On December 13, 2001, five armed men stormed the Parliament complex in New Delhi while lawmakers and staff were present. Security personnel engaged the attackers in a brief but intense firefight, killing all five, but not before several police officers and parliamentary staff were dead or wounded. Indian authorities quickly linked the assault to militant groups based in Pakistan, triggering a major military standoff between the two nuclear-armed neighbors. The attack hardened security protocols in India’s political heart and added a volatile chapter to an already fraught regional relationship.

WORLD HISTORY2002

EU Leaders Agree to Historic Eastward Expansion

On December 13, 2002, at a summit in Copenhagen, European Union leaders reached agreement to admit ten new member states, most from Central and Eastern Europe.

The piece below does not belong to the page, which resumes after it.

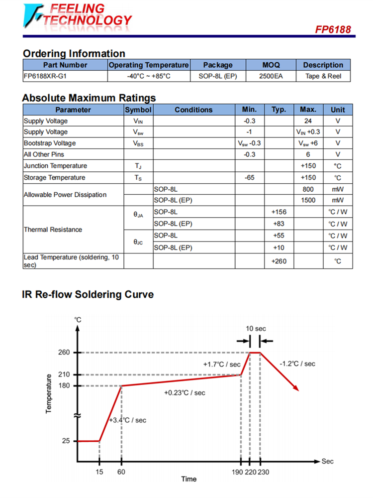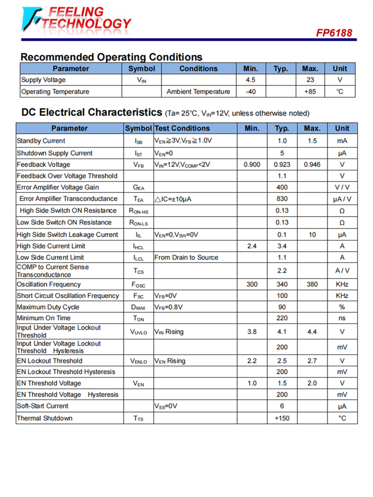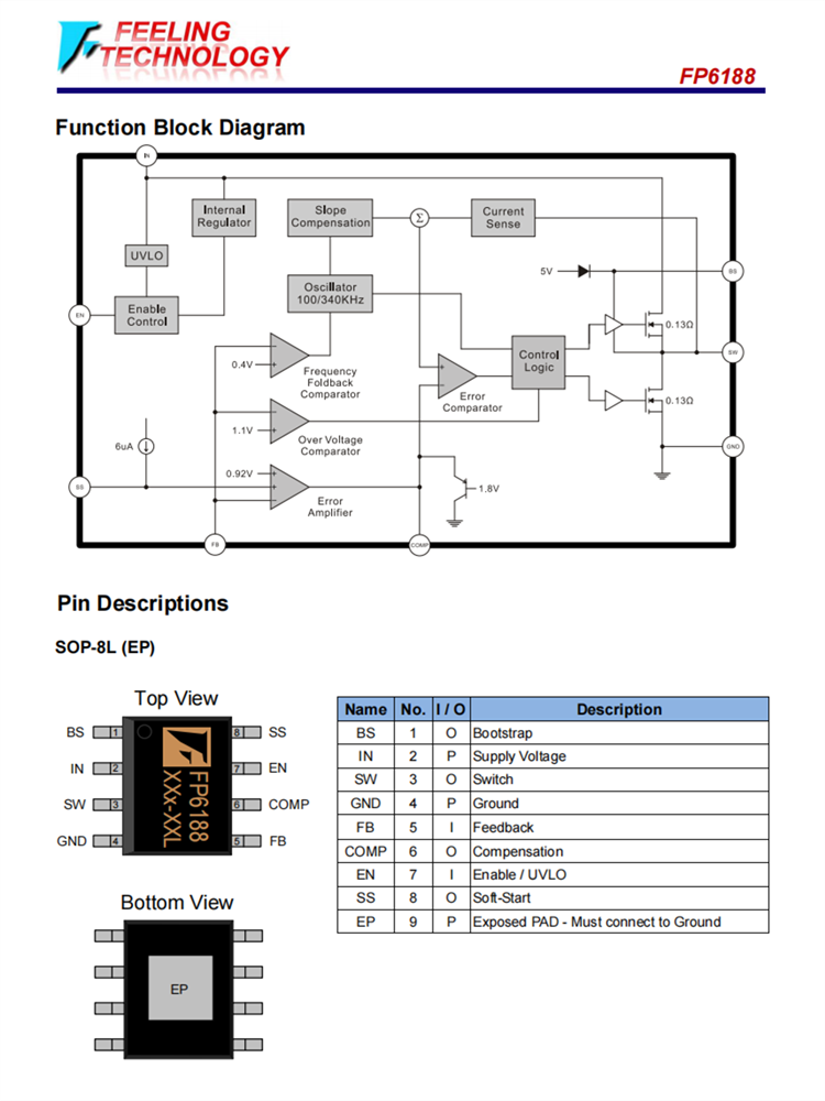 FP6188 2A、23V、340 KHz同步降壓變頻器芯片

The decision cleared the way for countries including Poland, Hungary, the Czech Republic, and the Baltic states to join in 2004 after years of negotiation and reform. For many of these nations, accession symbolized a definitive return to a European political and economic fold after decades behind the Iron Curtain. The Copenhagen agreement reshaped the EU’s map and brought tens of millions of new citizens into its institutions.

WORLD HISTORY2003

U.S. Forces Capture Saddam Hussein Near Tikrit

On December 13, 2003, U.S. soldiers and intelligence teams captured former Iraqi president Saddam Hussein near his hometown of Tikrit. The deposed leader was found hiding in a small underground hideout, bearded and disheveled, after months on the run following the U.S.-led invasion. Images of his medical examination and televised appearance the following day became instant global news. His capture removed a central figure from Iraq’s turbulent political landscape but did not end the insurgency and sectarian violence that followed the fall of his regime.

U.S. HISTORY2007

The Mitchell Report Exposes Widespread Doping in Major League Baseball

On December 13, 2007, former U.S. Senator George Mitchell released his long-awaited report on the use of performance-enhancing drugs in Major League Baseball. Commissioned by MLB, the investigation named dozens of players and detailed how steroids and human growth hormone had seeped into clubhouses during the 1990s and early 2000s. The public airing of clubhouse practices, trainer networks, and clubhouse culture sparked fierce debate about records, Hall of Fame candidacies, and the league’s oversight. In the years that followed, testing regimes tightened and players faced a new level of scrutiny around chemical shortcuts.

ARTS & CULTURE2013

Beyoncé Drops a Surprise Visual Album at Midnight

On December 13, 2013, without prior promotion, Beyoncé released her self-titled album exclusively on iTunes as a complete “visual album.” Fourteen new songs arrived paired with seventeen music videos, upending the usual single-by-single rollout that dominated pop marketing. Fans woke up to a fully formed project that blended R&B, pop, and experimental sounds with striking, highly produced visuals. The bold release strategy sent shockwaves through the music industry and helped normalize surprise digital album drops as a powerful way to capture attention.